Data below:

===

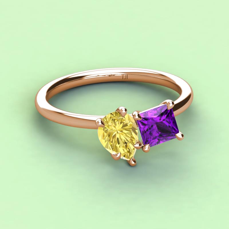 A beautiful symbol of everlasting love, this duo two-stone ring showcases a pair of Pear Shape Yellow Sapphire shimmering alongside of a luminous Princess Shape Amethyst crafted beautifully that represents two of you together.
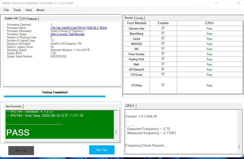 인텔에서 제공되는 프로세서 진단 도구로도 역시 테스트 해보았다.
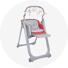 Denk ook aan het comfort van je baby: plaats een kussen of stoelverhoger op de kinderstoel zodat je baby comfortabel kan zitten. En om de kinderstoel om te toveren tot een speeltafeltje, raden wij het gebruik van een extra tafelblad aan dat het eetblad bedekt. Er zijn talloze extra opties: een wipstoeltje, een zitje met verstelbare hoogte, wielen, een voetensteun enz.
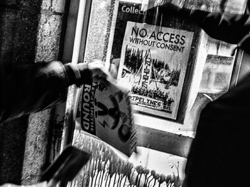 We went out last night to do a fire extinguisher paint job on the facade of the RBC branch located at the corner of Mont-Royal and Papineau in so-called “Montreal”. In the context of the call by the Gidimt’en clan for an international week of action to defund Coastal GasLink, we acted in solidarity with the Wet’suwet’en who continue to defend their Yintah and who recently re-established Coyote Camp. Our solidarity will not be interrupted by the new lockdown in progress here.

===

How to complete this task:
When the listing is transcribed, every line must match the original exactly, and the pictures must be left out.

Exercise output:
 A beautiful symbol of everlasting love, this duo two-stone ring showcases a pair of Pear Shape Yellow Sapphire shimmering alongside of a luminous Princess Shape Amethyst crafted beautifully that represents two of you together.
 인텔에서 제공되는 프로세서 진단 도구로도 역시 테스트 해보았다.
 Denk ook aan het comfort van je baby: plaats een kussen of stoelverhoger op de kinderstoel zodat je baby comfortabel kan zitten. En om de kinderstoel om te toveren tot een speeltafeltje, raden wij het gebruik van een extra tafelblad aan dat het eetblad bedekt. Er zijn talloze extra opties: een wipstoeltje, een zitje met verstelbare hoogte, wielen, een voetensteun enz.
 We went out last night to do a fire extinguisher paint job on the facade of the RBC branch located at the corner of Mont-Royal and Papineau in so-called “Montreal”. In the context of the call by the Gidimt’en clan for an international week of action to defund Coastal GasLink, we acted in solidarity with the Wet’suwet’en who continue to defend their Yintah and who recently re-established Coyote Camp. Our solidarity will not be interrupted by the new lockdown in progress here.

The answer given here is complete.